Initially developed in the 1950s, ABLA homes was the third largest Chicago Housing Authority project in terms of area and one of the densest in terms of occupancy. It ranked right up there with the infamous Cabrini-Green Projects in terms of crime and crushing poverty. Four separate developments (whose names create the acronym ABLA) stretched across the near southwest side of Chicago from Halsted to Ashland on the east and west and Roosevelt Road to 15th Street on the north and south. Some buildings were high rises, others row houses, but in either case the complex social forces in play led to a drug and gang war within its borders in the late 1990s. Seriously... a war. As the city contemplated the gentrification of the University Village area by UIC on the east, it developed a plan to renovate the row houses and demolish most of the high rises that had proven to be such a disaster. In partnership with a private development company, the entire area was to be redeveloped into mixed income housing, much of which was to be new construction. Then the recession hit.

The Roosevelt Commons project is still on, but much of the development has been put on hold.

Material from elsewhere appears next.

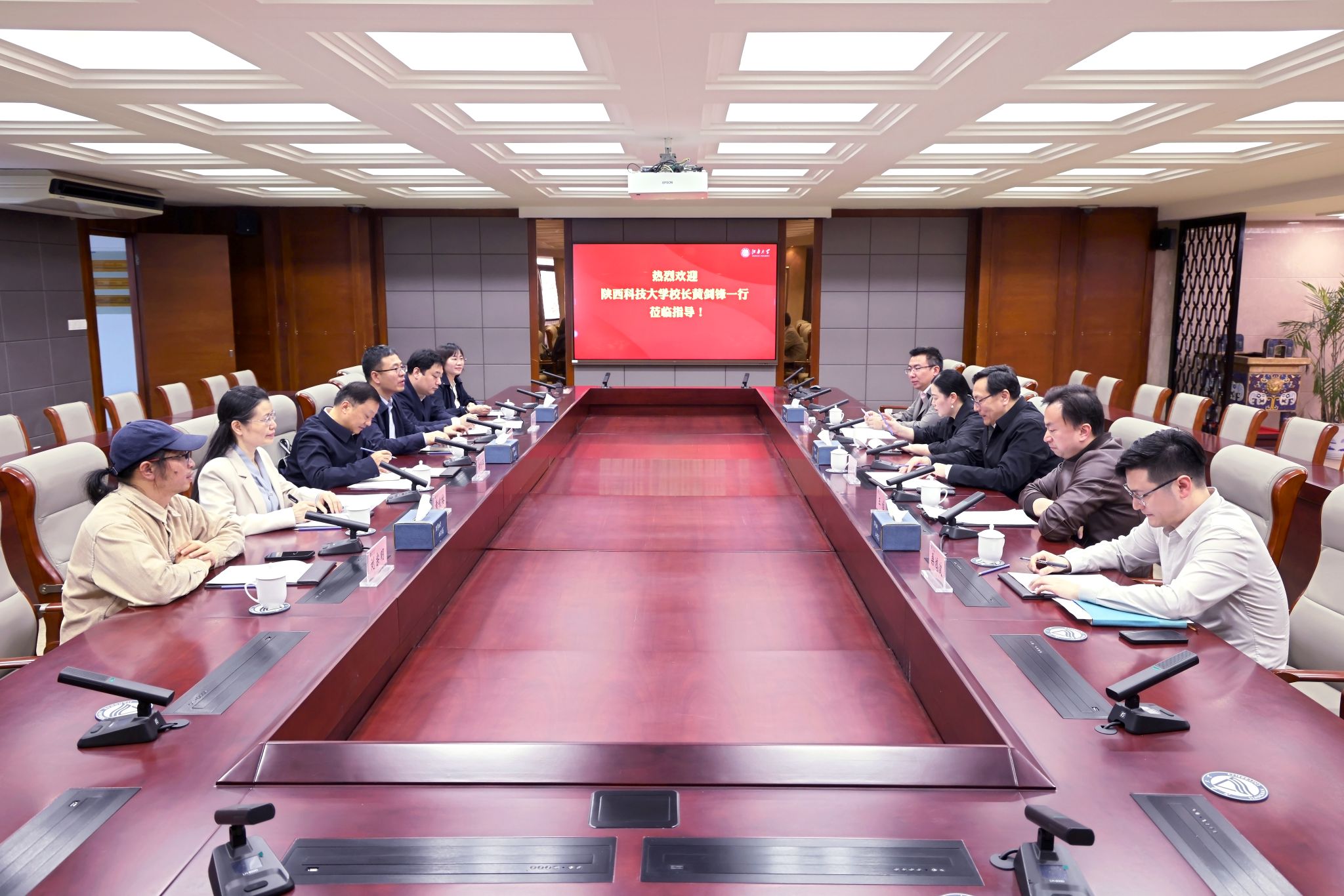 吳正國對黃劍鋒一行的到來表示熱烈歡迎。他介紹了學校的發(fā)展歷程、辦學特色以及近年來取得的成績。他指出,陜西科技大學與江南大學相似點頗多,兩校均以輕工技術為傳統(tǒng)優(yōu)勢學科,有著深厚的合作基礎,期待雙方加強聯(lián)系,優(yōu)勢互補,互相借鑒,全面深化合作。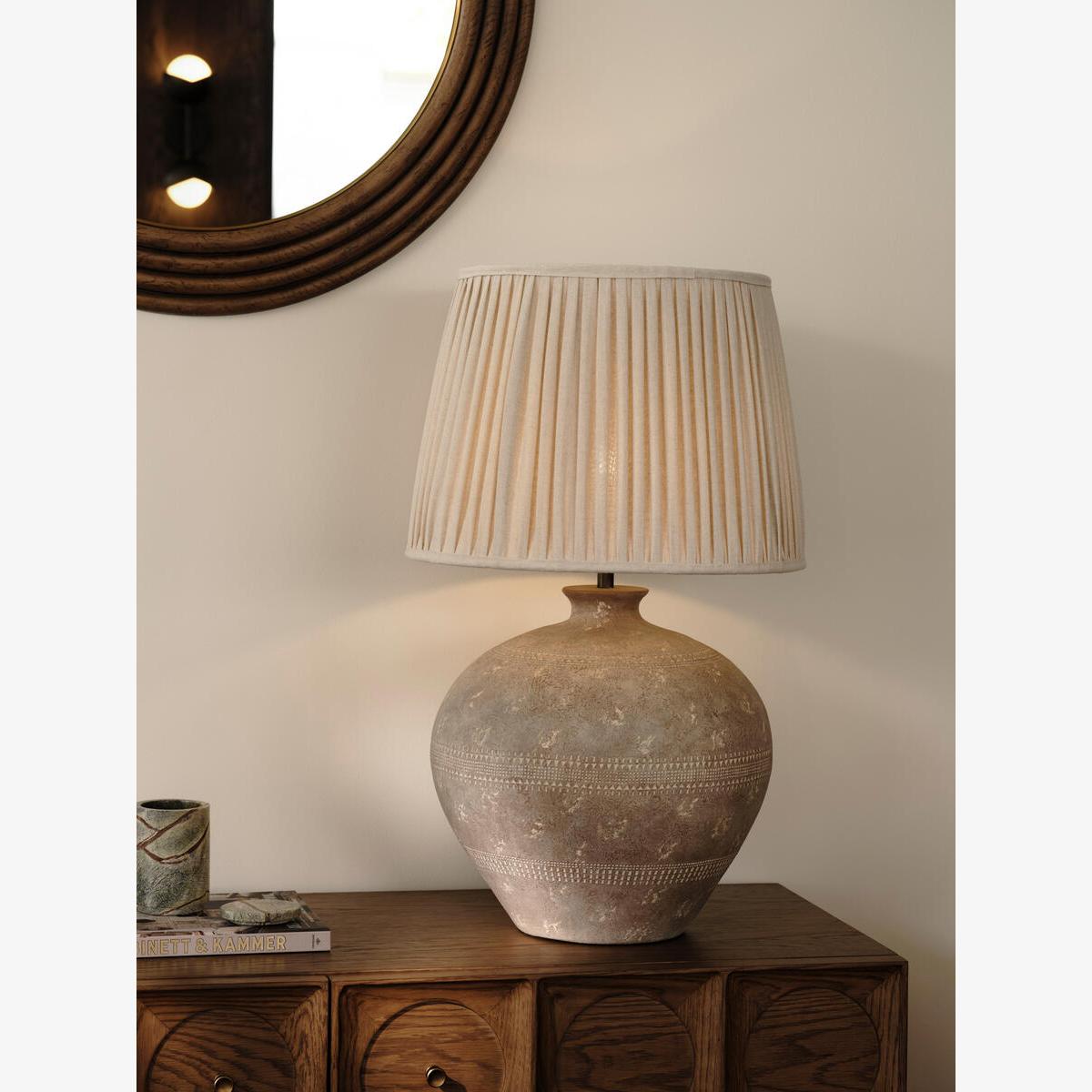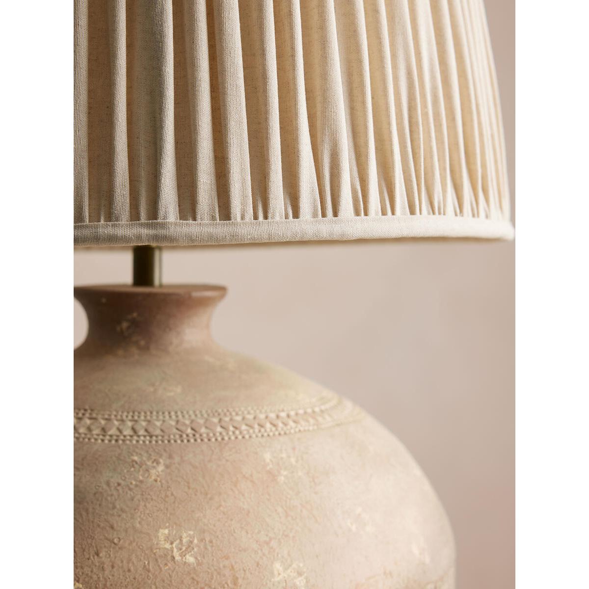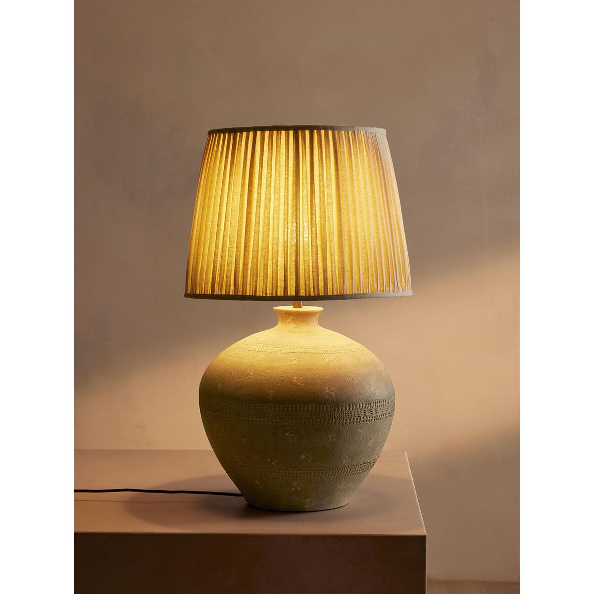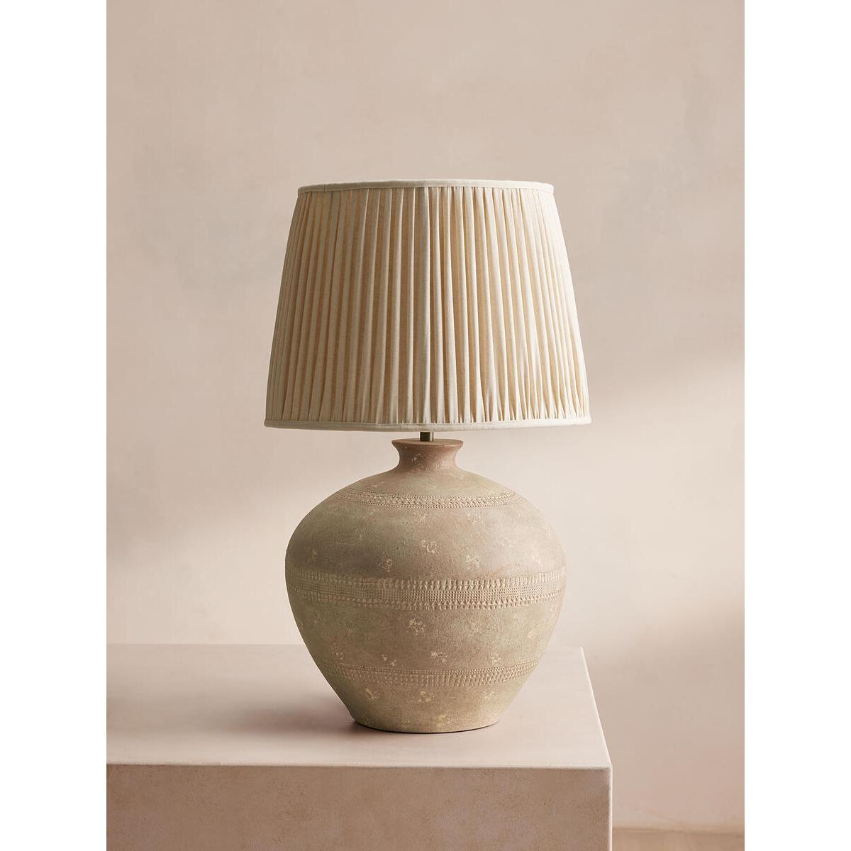 Referencing the natural tones at Soho Farmhouse, the Rosa table lamp features a hand-pleated linen shade, which has been hand-stitched over the metal frame. The handmade embossed pattern on the base is created by hand using a sponge, and washed with a matte textured glaze for an organic finish. Each piece will be truly unique due to handmade nature of the detailing. Hand-pleated and stitched linen shade Hand embossed pattern Organic texture Matte textured glaze Inspired by Soho Farmhouse

There are large tracts of vacant land which the city has seeded with grasses. In most cases, the trees were not chopped down so that I can look out of my condo and see various tracts of land defined by straight lines of trees which had grown up on the fence lines. One of those lines of trees became my picture for today.

My tie in with the Jayme's picture is the use of foreground and background. In this case it is not a son and a tree, but a tree and the skyline of Chicago. The city reinvents itself constantly. What was once ghetto, becomes gentrified. Just as Jayme hopes her son becomes his father and more, I hope that the city will rise above gang warfare and become a more just community.


Nikon D3000
f/13
1/60 s
ISO 800
Focal Length 62 mm

2 comments:

  1. Love how the trees frame the highrise. Awesome shot Dan! You make the city look good and coming from a bit of a country girl that says a lot.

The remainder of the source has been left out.